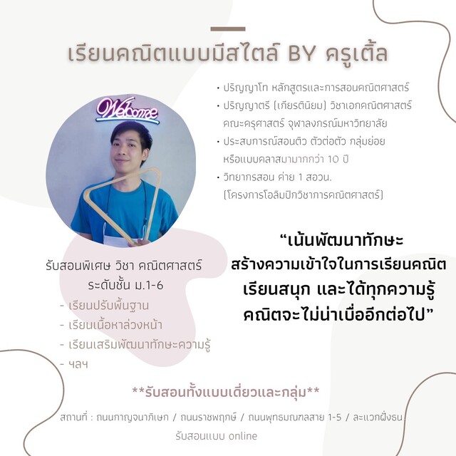 - มีประสบการณ์สอนติว ตัวต่อตัว กลุ่มเล็ก หรือแบบเป็นคลาส มากกว่า 10 ปี
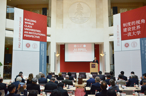 2016年11月4日,第二届北大-斯坦福论坛暨2016年北京论坛教育分论坛在北京大学斯坦福中心隆重拉开帷幕。本届北大-斯坦福论坛的主题为“建设世界一流大学:制度的视角”。在为期两天的会议中,来自中国、美国、加拿大、澳大利亚、英国、俄罗斯、芬兰、日本、韩国、菲律宾、巴基斯坦、中国香港和澳门等国家和地区的四十余位大学校长和学者、国际组织专家汇聚一堂,共同探讨世界一流大学的产生、组织、管理和发展等重要问题。
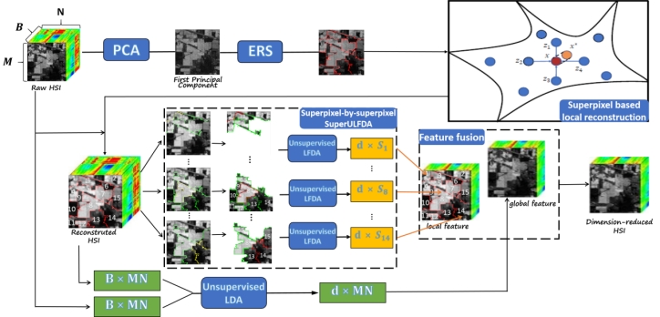 针对高光谱遥感图像特征维度高、噪声多、标签样本少带来的维数灾难问题,在本研究中作者提出了一种新的基于超像素的空谱特征提取模型S3-ULDA,其能有效地从不规则的同质超像素区域中提取低维且具有判别性的全局-局部空谱特征。具体来说,S3-ULDA有三个亮点:1)提出了基于超像素的无监督线性判别模型(SuperULDA),能够提取更高效的全局空谱特征;2)提出了基于超像素的无监督局部线性判别模型(SuperULFDA),能够提取更高效的超像素层局部空谱特征;3)通过融合全局和局部空谱特征,得到最终的基于超像素的全局-局部空谱特征,能够显著提升后续分类模型在小样本高光谱图像分类任务中的精度。在三个高光谱数据集上的对比实验表明,S3-ULDA超越了现有的最先进的特征提取和深度学习算法,验证了论文所提出算法的有效性。
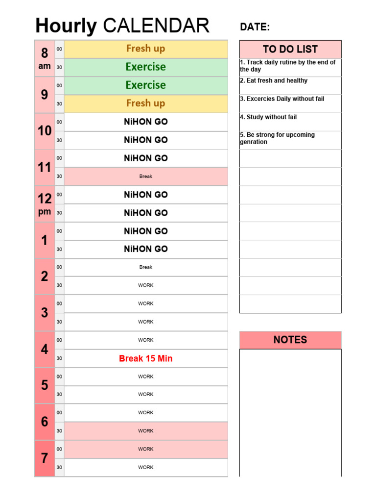 Hourly calendars in Microsoft Excel format 20 templates
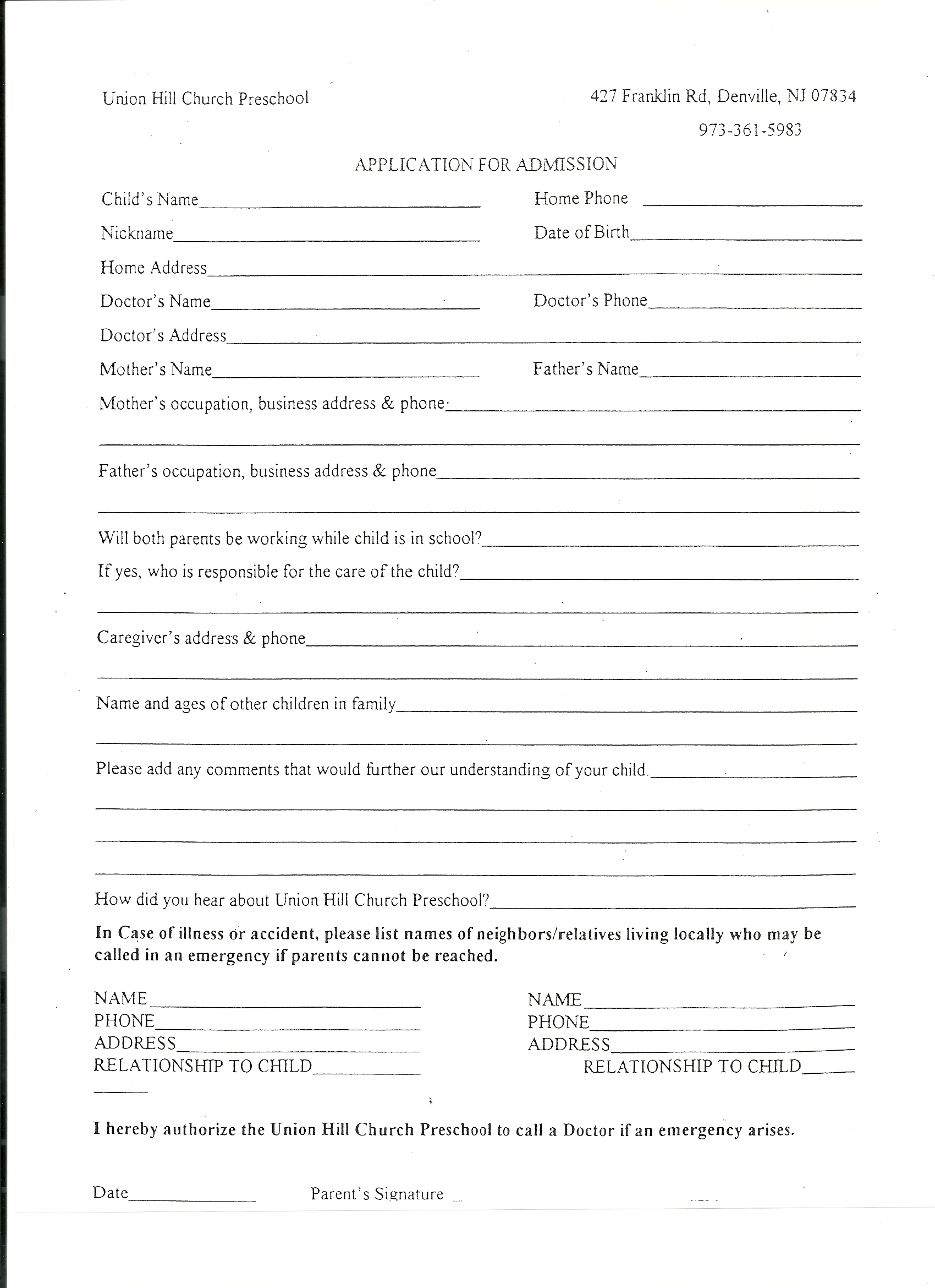 Union Hill Church Preschool is a not for profit organization sponsored by the Union Hill Presbyterian Church. The Union Hill Church Preschool is non denominational and does not discriminate on the basis of race, color, creed, nation or ethnic origin.
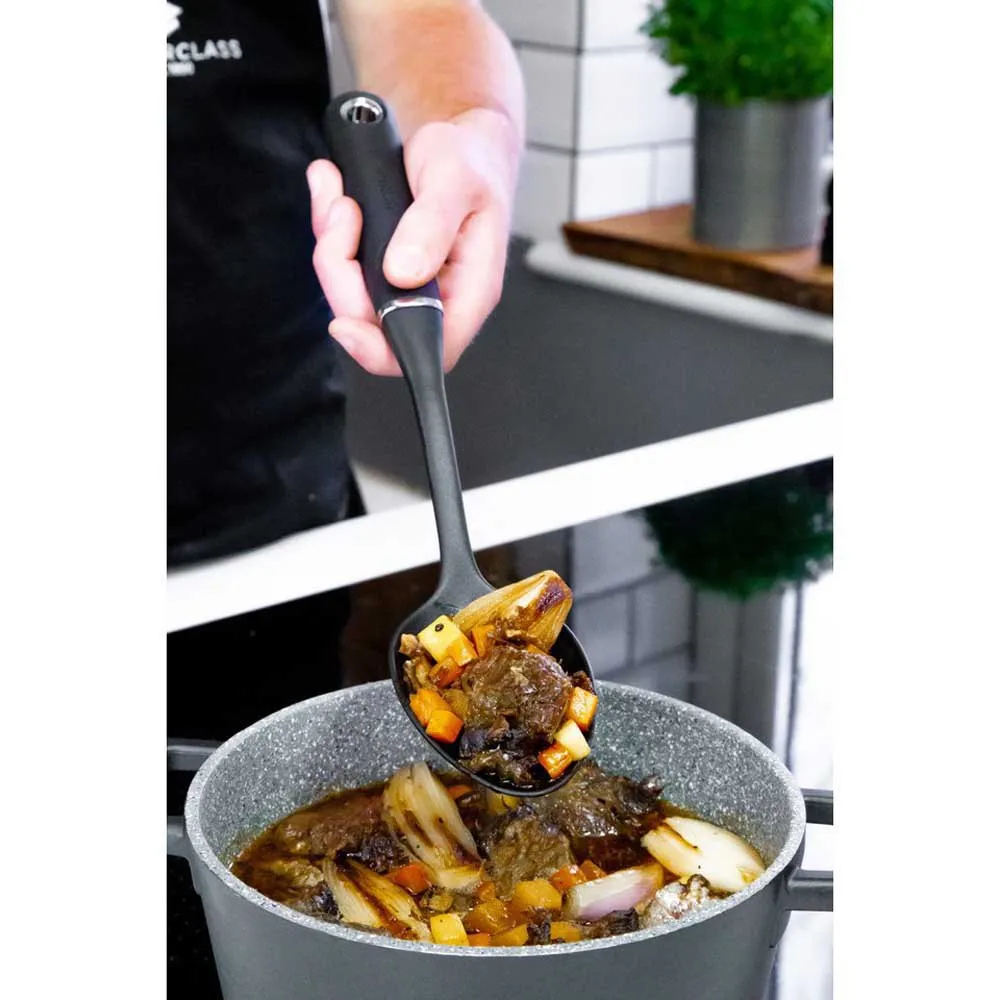 Köksskeden ger all mångsidighet, hållbarhet och komfort du kan förvänta dig av MasterClass, med den extra fördelen av slitstarkt nylon. Den är perfekt för att röra om, skopa och servera mat i köket eller vid matbordet. Och det är säkert att använda med vilken matlagningsyta som helst: nylon är tillräckligt tufft för daglig matlagning, men snällt mot non-stick-beläggningar. Denna premium kökssked har också MasterClass unika nylongrepp. Slät, bred och mjuk att ta på, den garanterar bekväm användning och halkfria resultat.

▸ **YOUR INSTRUCTIONS**
Nothing except the lines from the one containing "2016年11月4日,第二届" through the one containing "Union Hill Church Preschool is a" should appear in the answer, exactly as above and without pictures.

▸ **EXERCISE RESULT**
 2016年11月4日,第二届北大-斯坦福论坛暨2016年北京论坛教育分论坛在北京大学斯坦福中心隆重拉开帷幕。本届北大-斯坦福论坛的主题为“建设世界一流大学:制度的视角”。在为期两天的会议中,来自中国、美国、加拿大、澳大利亚、英国、俄罗斯、芬兰、日本、韩国、菲律宾、巴基斯坦、中国香港和澳门等国家和地区的四十余位大学校长和学者、国际组织专家汇聚一堂,共同探讨世界一流大学的产生、组织、管理和发展等重要问题。
 针对高光谱遥感图像特征维度高、噪声多、标签样本少带来的维数灾难问题,在本研究中作者提出了一种新的基于超像素的空谱特征提取模型S3-ULDA,其能有效地从不规则的同质超像素区域中提取低维且具有判别性的全局-局部空谱特征。具体来说,S3-ULDA有三个亮点:1)提出了基于超像素的无监督线性判别模型(SuperULDA),能够提取更高效的全局空谱特征;2)提出了基于超像素的无监督局部线性判别模型(SuperULFDA),能够提取更高效的超像素层局部空谱特征;3)通过融合全局和局部空谱特征,得到最终的基于超像素的全局-局部空谱特征,能够显著提升后续分类模型在小样本高光谱图像分类任务中的精度。在三个高光谱数据集上的对比实验表明,S3-ULDA超越了现有的最先进的特征提取和深度学习算法,验证了论文所提出算法的有效性。
 Hourly calendars in Microsoft Excel format 20 templates
 Union Hill Church Preschool is a not for profit organization sponsored by the Union Hill Presbyterian Church. The Union Hill Church Preschool is non denominational and does not discriminate on the basis of race, color, creed, nation or ethnic origin.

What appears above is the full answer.